=== Begin Enclosure ===

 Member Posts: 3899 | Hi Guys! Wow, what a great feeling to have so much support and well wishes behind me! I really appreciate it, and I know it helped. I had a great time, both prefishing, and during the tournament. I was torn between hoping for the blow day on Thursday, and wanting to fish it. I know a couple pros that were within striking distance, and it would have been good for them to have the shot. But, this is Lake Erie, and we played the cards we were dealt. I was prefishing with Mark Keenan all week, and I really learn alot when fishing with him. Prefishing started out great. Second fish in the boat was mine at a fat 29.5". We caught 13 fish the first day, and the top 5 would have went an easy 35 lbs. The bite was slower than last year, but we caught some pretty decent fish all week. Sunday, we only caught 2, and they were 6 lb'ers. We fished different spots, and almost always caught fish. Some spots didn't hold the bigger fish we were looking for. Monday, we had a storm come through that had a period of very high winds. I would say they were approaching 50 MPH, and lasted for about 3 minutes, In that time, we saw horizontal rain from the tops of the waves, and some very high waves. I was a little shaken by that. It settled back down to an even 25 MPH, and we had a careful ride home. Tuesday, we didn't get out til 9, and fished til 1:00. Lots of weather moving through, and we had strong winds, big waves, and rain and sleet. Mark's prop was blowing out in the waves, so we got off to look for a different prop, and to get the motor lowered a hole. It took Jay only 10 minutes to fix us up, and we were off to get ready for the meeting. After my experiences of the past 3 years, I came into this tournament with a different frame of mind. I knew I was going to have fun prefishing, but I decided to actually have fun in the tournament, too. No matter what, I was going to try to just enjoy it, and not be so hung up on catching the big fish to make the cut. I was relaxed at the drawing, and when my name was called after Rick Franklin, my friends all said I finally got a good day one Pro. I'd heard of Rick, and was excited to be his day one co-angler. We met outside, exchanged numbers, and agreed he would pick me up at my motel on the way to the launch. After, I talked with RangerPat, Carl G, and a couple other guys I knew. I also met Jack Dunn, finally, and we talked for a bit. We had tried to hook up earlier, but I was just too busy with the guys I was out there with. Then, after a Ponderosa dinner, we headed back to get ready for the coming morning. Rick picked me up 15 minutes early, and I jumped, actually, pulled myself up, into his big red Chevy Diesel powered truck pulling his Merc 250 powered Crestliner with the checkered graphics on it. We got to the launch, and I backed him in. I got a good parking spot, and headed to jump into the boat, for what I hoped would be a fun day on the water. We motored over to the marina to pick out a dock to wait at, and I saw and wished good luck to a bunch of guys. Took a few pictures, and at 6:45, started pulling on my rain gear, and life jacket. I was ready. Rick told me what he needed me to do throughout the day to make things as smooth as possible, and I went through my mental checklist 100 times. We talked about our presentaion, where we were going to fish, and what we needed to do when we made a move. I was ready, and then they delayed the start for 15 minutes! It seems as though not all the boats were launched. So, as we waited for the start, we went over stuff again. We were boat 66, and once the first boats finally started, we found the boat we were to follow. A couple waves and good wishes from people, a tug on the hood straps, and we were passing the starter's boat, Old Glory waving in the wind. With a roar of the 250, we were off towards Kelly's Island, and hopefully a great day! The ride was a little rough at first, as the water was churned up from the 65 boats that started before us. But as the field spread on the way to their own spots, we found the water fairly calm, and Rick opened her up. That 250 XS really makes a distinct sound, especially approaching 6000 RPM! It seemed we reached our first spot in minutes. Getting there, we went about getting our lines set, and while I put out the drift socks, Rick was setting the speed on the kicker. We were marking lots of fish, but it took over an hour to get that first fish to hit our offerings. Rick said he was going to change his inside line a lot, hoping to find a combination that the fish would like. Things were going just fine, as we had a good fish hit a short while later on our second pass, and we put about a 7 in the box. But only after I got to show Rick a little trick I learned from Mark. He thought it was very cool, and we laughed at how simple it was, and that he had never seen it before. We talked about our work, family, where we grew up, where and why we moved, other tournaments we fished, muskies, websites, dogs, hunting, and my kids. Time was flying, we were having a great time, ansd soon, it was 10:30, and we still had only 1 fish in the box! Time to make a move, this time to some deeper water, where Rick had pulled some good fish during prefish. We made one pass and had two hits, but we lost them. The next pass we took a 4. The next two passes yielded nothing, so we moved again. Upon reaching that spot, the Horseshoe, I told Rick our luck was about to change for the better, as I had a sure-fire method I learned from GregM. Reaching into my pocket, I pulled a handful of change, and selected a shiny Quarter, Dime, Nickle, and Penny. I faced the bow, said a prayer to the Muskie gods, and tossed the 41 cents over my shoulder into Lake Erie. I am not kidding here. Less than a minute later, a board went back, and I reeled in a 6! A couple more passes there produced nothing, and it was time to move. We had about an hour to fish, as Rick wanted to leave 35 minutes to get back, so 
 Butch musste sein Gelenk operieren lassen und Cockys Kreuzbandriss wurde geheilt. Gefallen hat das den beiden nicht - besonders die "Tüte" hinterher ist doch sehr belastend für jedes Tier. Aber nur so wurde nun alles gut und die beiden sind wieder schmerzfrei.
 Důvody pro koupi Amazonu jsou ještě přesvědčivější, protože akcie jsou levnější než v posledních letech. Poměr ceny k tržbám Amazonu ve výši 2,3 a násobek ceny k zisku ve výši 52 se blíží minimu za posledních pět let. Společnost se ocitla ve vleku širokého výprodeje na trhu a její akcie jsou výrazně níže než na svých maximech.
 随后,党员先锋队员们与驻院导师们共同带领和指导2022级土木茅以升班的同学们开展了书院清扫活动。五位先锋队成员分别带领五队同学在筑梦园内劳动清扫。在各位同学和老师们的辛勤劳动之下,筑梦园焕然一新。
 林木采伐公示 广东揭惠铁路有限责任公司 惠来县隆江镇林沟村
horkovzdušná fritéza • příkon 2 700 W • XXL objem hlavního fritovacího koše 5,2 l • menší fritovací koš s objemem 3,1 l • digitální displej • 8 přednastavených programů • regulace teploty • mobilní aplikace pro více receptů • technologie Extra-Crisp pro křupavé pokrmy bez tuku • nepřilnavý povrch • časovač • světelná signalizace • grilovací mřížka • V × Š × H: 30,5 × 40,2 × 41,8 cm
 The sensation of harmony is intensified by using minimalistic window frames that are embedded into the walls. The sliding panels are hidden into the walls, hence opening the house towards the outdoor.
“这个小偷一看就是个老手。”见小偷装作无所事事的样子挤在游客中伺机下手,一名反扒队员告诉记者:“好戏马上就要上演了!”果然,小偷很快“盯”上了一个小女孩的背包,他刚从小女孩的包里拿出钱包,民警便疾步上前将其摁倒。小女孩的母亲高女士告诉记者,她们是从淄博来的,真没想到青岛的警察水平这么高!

=== End Enclosure ===

● **WHAT IS EXPECTED**: Output the entire listing above, character for character.

● **WRITTEN RESPONSE**:
 Member Posts: 3899 | Hi Guys! Wow, what a great feeling to have so much support and well wishes behind me! I really appreciate it, and I know it helped. I had a great time, both prefishing, and during the tournament. I was torn between hoping for the blow day on Thursday, and wanting to fish it. I know a couple pros that were within striking distance, and it would have been good for them to have the shot. But, this is Lake Erie, and we played the cards we were dealt. I was prefishing with Mark Keenan all week, and I really learn alot when fishing with him. Prefishing started out great. Second fish in the boat was mine at a fat 29.5". We caught 13 fish the first day, and the top 5 would have went an easy 35 lbs. The bite was slower than last year, but we caught some pretty decent fish all week. Sunday, we only caught 2, and they were 6 lb'ers. We fished different spots, and almost always caught fish. Some spots didn't hold the bigger fish we were looking for. Monday, we had a storm come through that had a period of very high winds. I would say they were approaching 50 MPH, and lasted for about 3 minutes, In that time, we saw horizontal rain from the tops of the waves, and some very high waves. I was a little shaken by that. It settled back down to an even 25 MPH, and we had a careful ride home. Tuesday, we didn't get out til 9, and fished til 1:00. Lots of weather moving through, and we had strong winds, big waves, and rain and sleet. Mark's prop was blowing out in the waves, so we got off to look for a different prop, and to get the motor lowered a hole. It took Jay only 10 minutes to fix us up, and we were off to get ready for the meeting. After my experiences of the past 3 years, I came into this tournament with a different frame of mind. I knew I was going to have fun prefishing, but I decided to actually have fun in the tournament, too. No matter what, I was going to try to just enjoy it, and not be so hung up on catching the big fish to make the cut. I was relaxed at the drawing, and when my name was called after Rick Franklin, my friends all said I finally got a good day one Pro. I'd heard of Rick, and was excited to be his day one co-angler. We met outside, exchanged numbers, and agreed he would pick me up at my motel on the way to the launch. After, I talked with RangerPat, Carl G, and a couple other guys I knew. I also met Jack Dunn, finally, and we talked for a bit. We had tried to hook up earlier, but I was just too busy with the guys I was out there with. Then, after a Ponderosa dinner, we headed back to get ready for the coming morning. Rick picked me up 15 minutes early, and I jumped, actually, pulled myself up, into his big red Chevy Diesel powered truck pulling his Merc 250 powered Crestliner with the checkered graphics on it. We got to the launch, and I backed him in. I got a good parking spot, and headed to jump into the boat, for what I hoped would be a fun day on the water. We motored over to the marina to pick out a dock to wait at, and I saw and wished good luck to a bunch of guys. Took a few pictures, and at 6:45, started pulling on my rain gear, and life jacket. I was ready. Rick told me what he needed me to do throughout the day to make things as smooth as possible, and I went through my mental checklist 100 times. We talked about our presentaion, where we were going to fish, and what we needed to do when we made a move. I was ready, and then they delayed the start for 15 minutes! It seems as though not all the boats were launched. So, as we waited for the start, we went over stuff again. We were boat 66, and once the first boats finally started, we found the boat we were to follow. A couple waves and good wishes from people, a tug on the hood straps, and we were passing the starter's boat, Old Glory waving in the wind. With a roar of the 250, we were off towards Kelly's Island, and hopefully a great day! The ride was a little rough at first, as the water was churned up from the 65 boats that started before us. But as the field spread on the way to their own spots, we found the water fairly calm, and Rick opened her up. That 250 XS really makes a distinct sound, especially approaching 6000 RPM! It seemed we reached our first spot in minutes. Getting there, we went about getting our lines set, and while I put out the drift socks, Rick was setting the speed on the kicker. We were marking lots of fish, but it took over an hour to get that first fish to hit our offerings. Rick said he was going to change his inside line a lot, hoping to find a combination that the fish would like. Things were going just fine, as we had a good fish hit a short while later on our second pass, and we put about a 7 in the box. But only after I got to show Rick a little trick I learned from Mark. He thought it was very cool, and we laughed at how simple it was, and that he had never seen it before. We talked about our work, family, where we grew up, where and why we moved, other tournaments we fished, muskies, websites, dogs, hunting, and my kids. Time was flying, we were having a great time, ansd soon, it was 10:30, and we still had only 1 fish in the box! Time to make a move, this time to some deeper water, where Rick had pulled some good fish during prefish. We made one pass and had two hits, but we lost them. The next pass we took a 4. The next two passes yielded nothing, so we moved again. Upon reaching that spot, the Horseshoe, I told Rick our luck was about to change for the better, as I had a sure-fire method I learned from GregM. Reaching into my pocket, I pulled a handful of change, and selected a shiny Quarter, Dime, Nickle, and Penny. I faced the bow, said a prayer to the Muskie gods, and tossed the 41 cents over my shoulder into Lake Erie. I am not kidding here. Less than a minute later, a board went back, and I reeled in a 6! A couple more passes there produced nothing, and it was time to move. We had about an hour to fish, as Rick wanted to leave 35 minutes to get back, so 
 Butch musste sein Gelenk operieren lassen und Cockys Kreuzbandriss wurde geheilt. Gefallen hat das den beiden nicht - besonders die "Tüte" hinterher ist doch sehr belastend für jedes Tier. Aber nur so wurde nun alles gut und die beiden sind wieder schmerzfrei.
 Důvody pro koupi Amazonu jsou ještě přesvědčivější, protože akcie jsou levnější než v posledních letech. Poměr ceny k tržbám Amazonu ve výši 2,3 a násobek ceny k zisku ve výši 52 se blíží minimu za posledních pět let. Společnost se ocitla ve vleku širokého výprodeje na trhu a její akcie jsou výrazně níže než na svých maximech.
 随后,党员先锋队员们与驻院导师们共同带领和指导2022级土木茅以升班的同学们开展了书院清扫活动。五位先锋队成员分别带领五队同学在筑梦园内劳动清扫。在各位同学和老师们的辛勤劳动之下,筑梦园焕然一新。
 林木采伐公示 广东揭惠铁路有限责任公司 惠来县隆江镇林沟村
horkovzdušná fritéza • příkon 2 700 W • XXL objem hlavního fritovacího koše 5,2 l • menší fritovací koš s objemem 3,1 l • digitální displej • 8 přednastavených programů • regulace teploty • mobilní aplikace pro více receptů • technologie Extra-Crisp pro křupavé pokrmy bez tuku • nepřilnavý povrch • časovač • světelná signalizace • grilovací mřížka • V × Š × H: 30,5 × 40,2 × 41,8 cm
 The sensation of harmony is intensified by using minimalistic window frames that are embedded into the walls. The sliding panels are hidden into the walls, hence opening the house towards the outdoor.
“这个小偷一看就是个老手。”见小偷装作无所事事的样子挤在游客中伺机下手,一名反扒队员告诉记者:“好戏马上就要上演了!”果然,小偷很快“盯”上了一个小女孩的背包,他刚从小女孩的包里拿出钱包,民警便疾步上前将其摁倒。小女孩的母亲高女士告诉记者,她们是从淄博来的,真没想到青岛的警察水平这么高!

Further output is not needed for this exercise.